-- Supplied material --
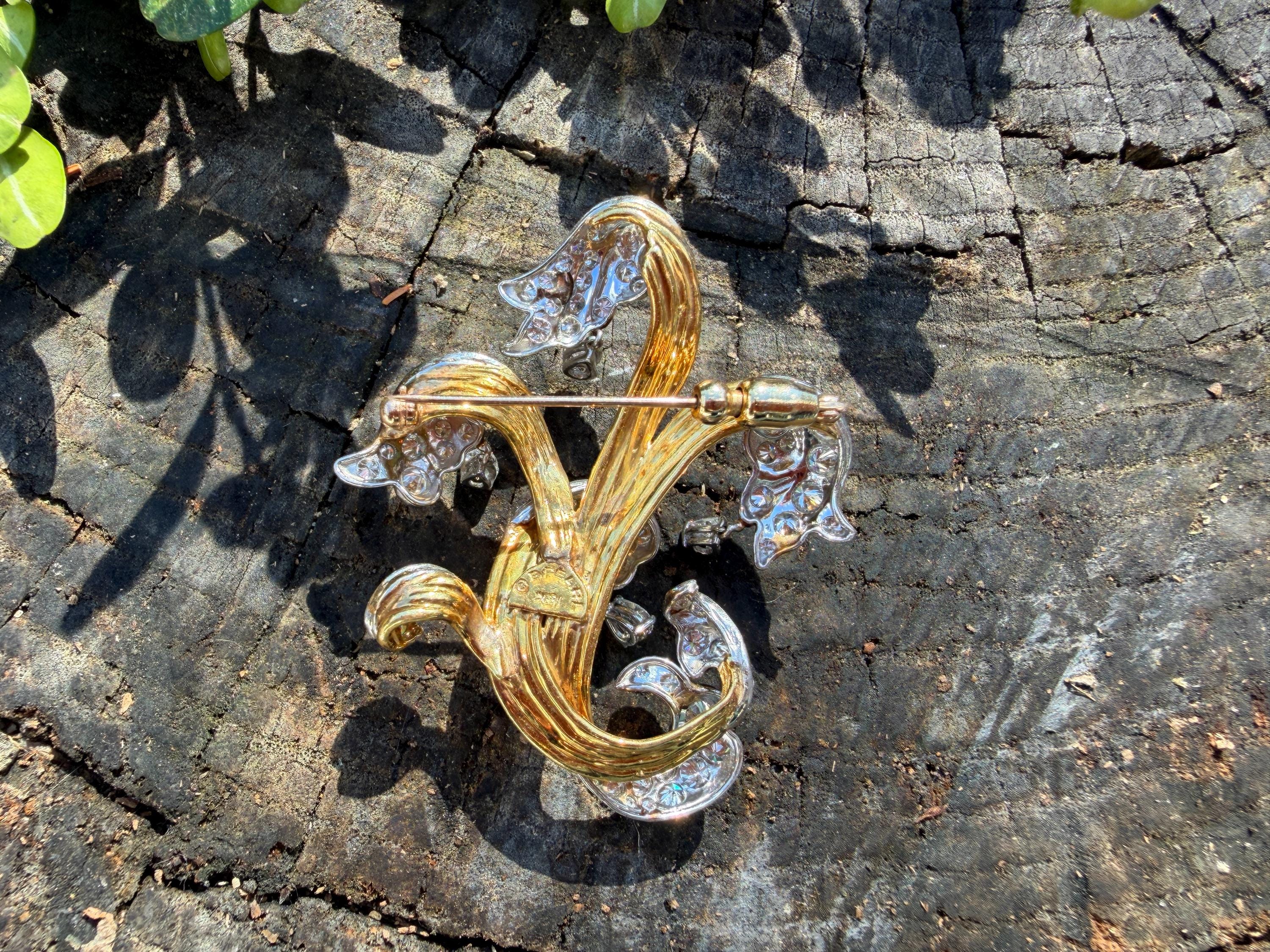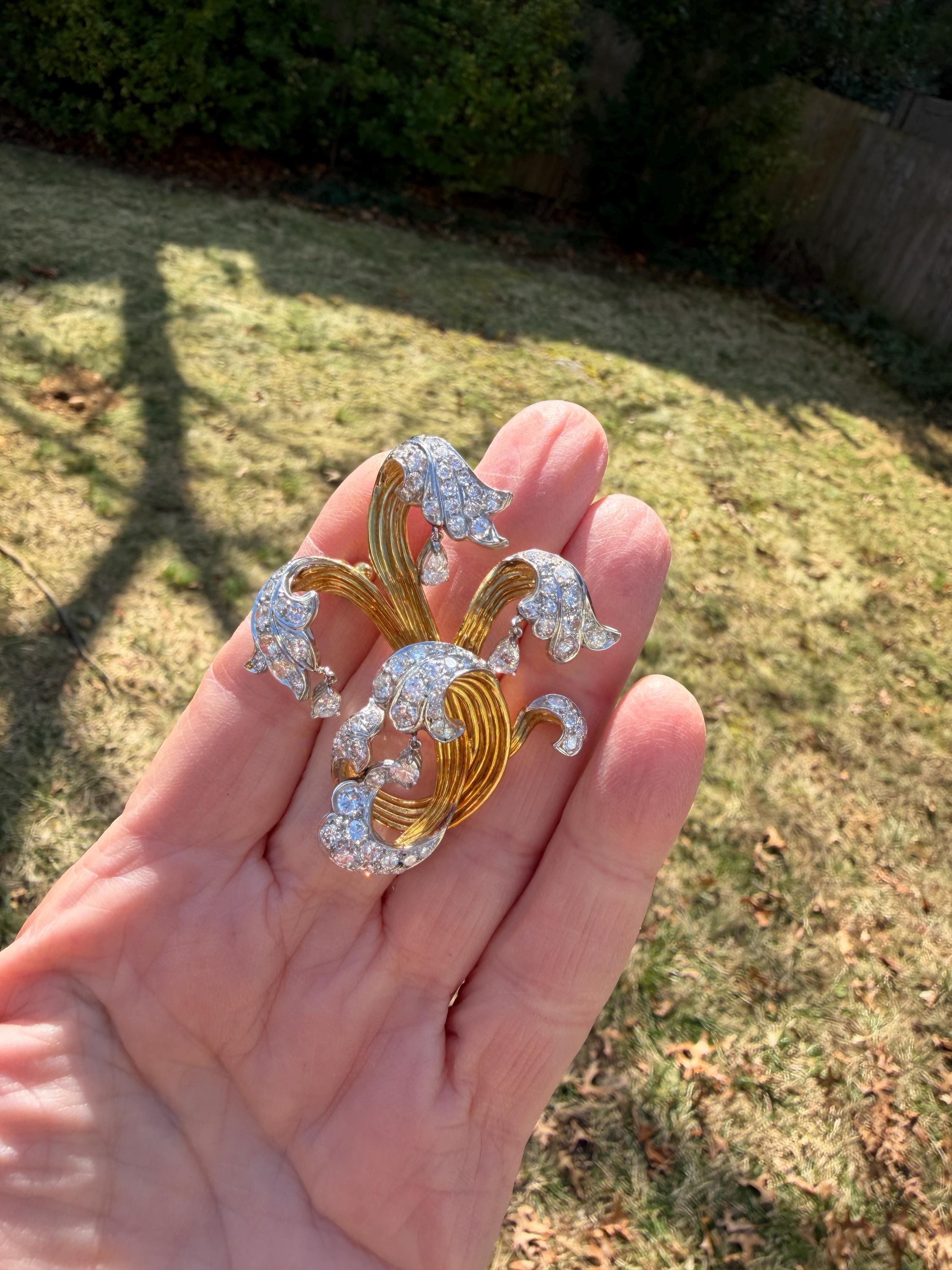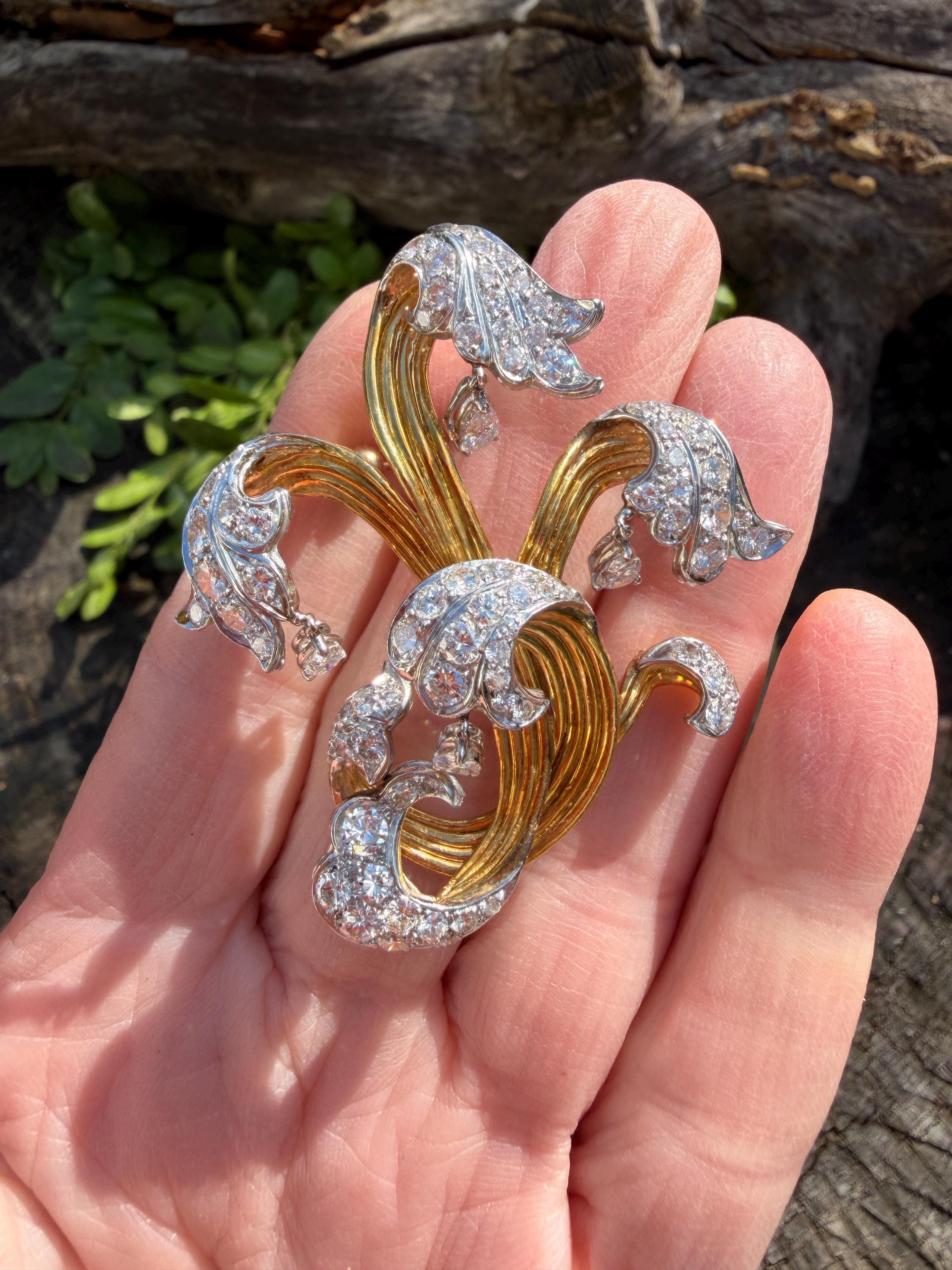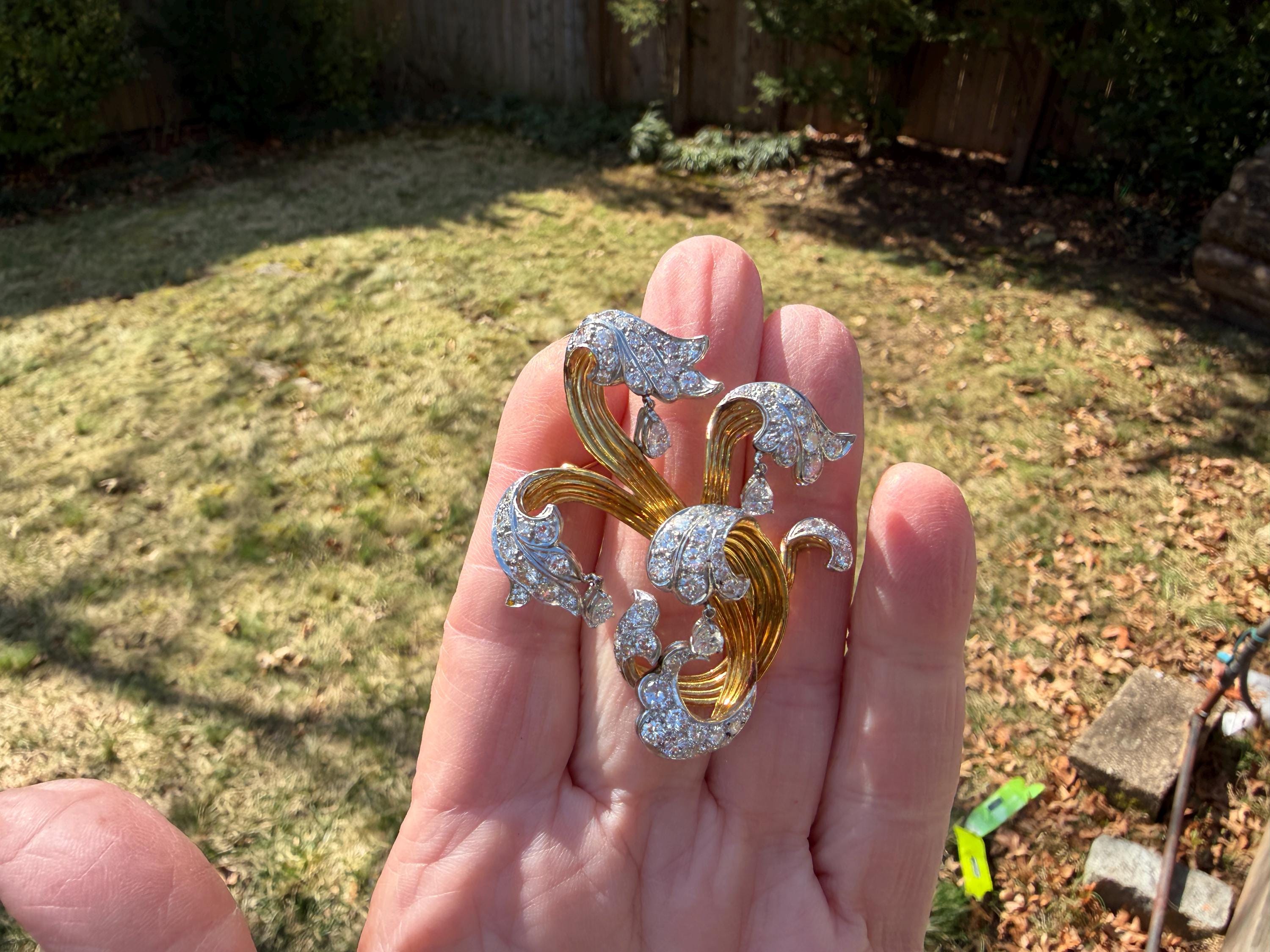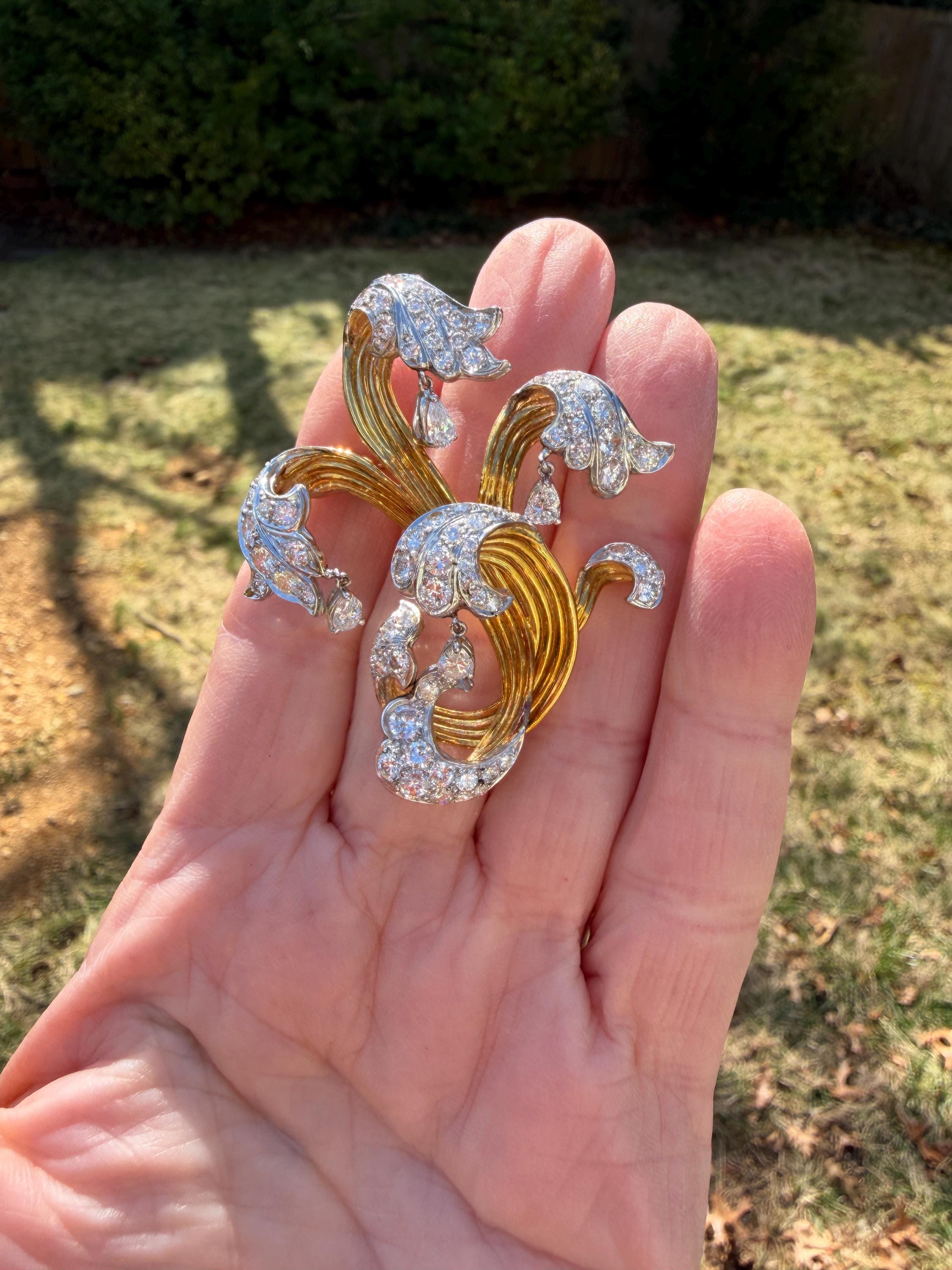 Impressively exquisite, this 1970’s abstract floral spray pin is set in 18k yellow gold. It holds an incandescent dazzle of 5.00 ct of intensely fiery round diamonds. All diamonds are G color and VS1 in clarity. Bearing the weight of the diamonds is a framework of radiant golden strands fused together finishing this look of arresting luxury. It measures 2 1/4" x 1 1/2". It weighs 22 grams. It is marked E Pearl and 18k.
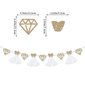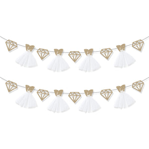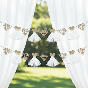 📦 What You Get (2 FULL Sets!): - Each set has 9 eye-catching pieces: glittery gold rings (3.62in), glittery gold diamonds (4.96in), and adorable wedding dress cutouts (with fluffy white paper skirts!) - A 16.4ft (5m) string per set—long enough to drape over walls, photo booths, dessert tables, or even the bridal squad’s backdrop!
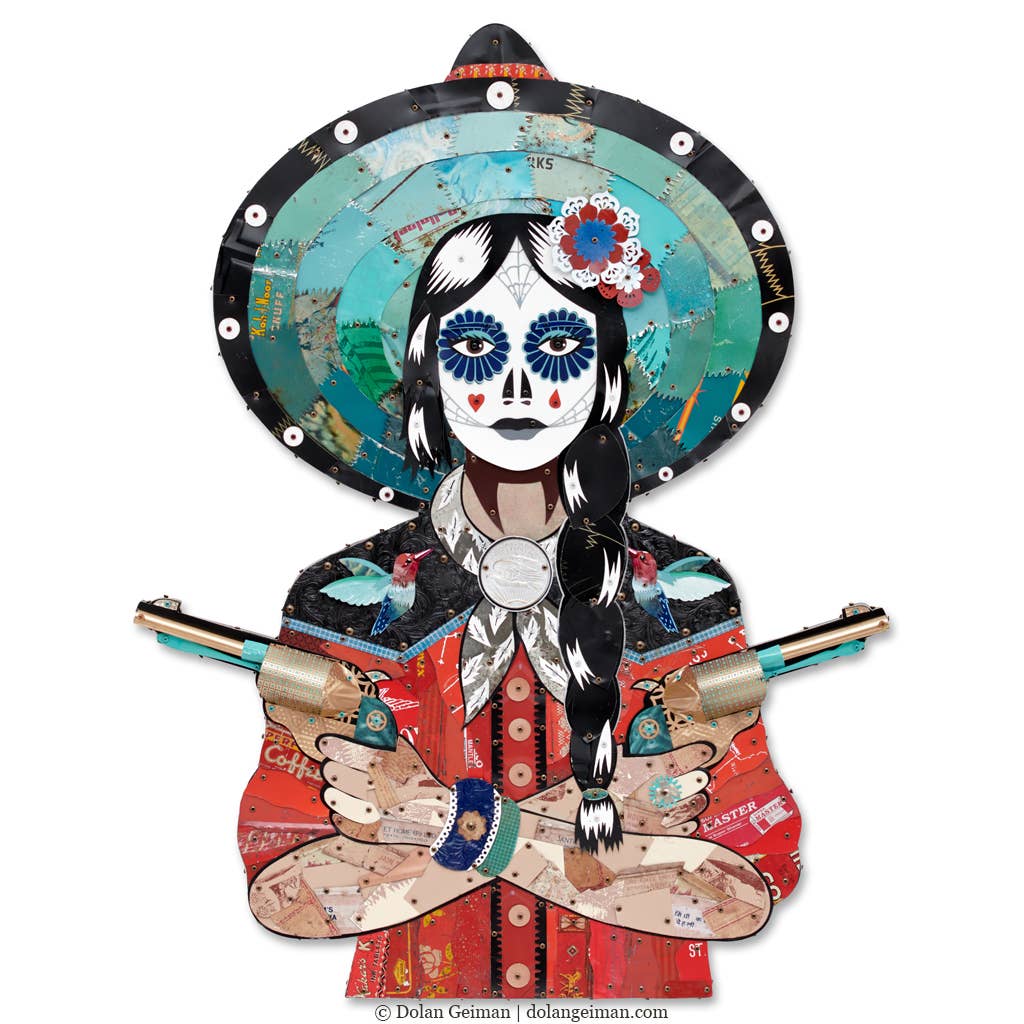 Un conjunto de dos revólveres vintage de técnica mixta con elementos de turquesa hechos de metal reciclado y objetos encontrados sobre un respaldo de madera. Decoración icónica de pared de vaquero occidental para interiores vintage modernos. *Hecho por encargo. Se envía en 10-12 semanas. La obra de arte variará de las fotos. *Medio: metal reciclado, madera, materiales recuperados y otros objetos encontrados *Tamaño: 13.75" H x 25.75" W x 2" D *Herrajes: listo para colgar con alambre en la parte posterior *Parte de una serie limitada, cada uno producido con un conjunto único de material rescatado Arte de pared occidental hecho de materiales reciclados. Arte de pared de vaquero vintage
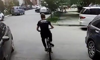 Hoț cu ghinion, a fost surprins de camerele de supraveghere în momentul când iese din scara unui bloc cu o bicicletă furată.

-- Task to carry out --
Repeat every line above exactly, minus the pictures.

-- Answer box --
 Impressively exquisite, this 1970’s abstract floral spray pin is set in 18k yellow gold. It holds an incandescent dazzle of 5.00 ct of intensely fiery round diamonds. All diamonds are G color and VS1 in clarity. Bearing the weight of the diamonds is a framework of radiant golden strands fused together finishing this look of arresting luxury. It measures 2 1/4" x 1 1/2". It weighs 22 grams. It is marked E Pearl and 18k.
 📦 What You Get (2 FULL Sets!): - Each set has 9 eye-catching pieces: glittery gold rings (3.62in), glittery gold diamonds (4.96in), and adorable wedding dress cutouts (with fluffy white paper skirts!) - A 16.4ft (5m) string per set—long enough to drape over walls, photo booths, dessert tables, or even the bridal squad’s backdrop!
 Un conjunto de dos revólveres vintage de técnica mixta con elementos de turquesa hechos de metal reciclado y objetos encontrados sobre un respaldo de madera. Decoración icónica de pared de vaquero occidental para interiores vintage modernos. *Hecho por encargo. Se envía en 10-12 semanas. La obra de arte variará de las fotos. *Medio: metal reciclado, madera, materiales recuperados y otros objetos encontrados *Tamaño: 13.75" H x 25.75" W x 2" D *Herrajes: listo para colgar con alambre en la parte posterior *Parte de una serie limitada, cada uno producido con un conjunto único de material rescatado Arte de pared occidental hecho de materiales reciclados. Arte de pared de vaquero vintage
 Hoț cu ghinion, a fost surprins de camerele de supraveghere în momentul când iese din scara unui bloc cu o bicicletă furată.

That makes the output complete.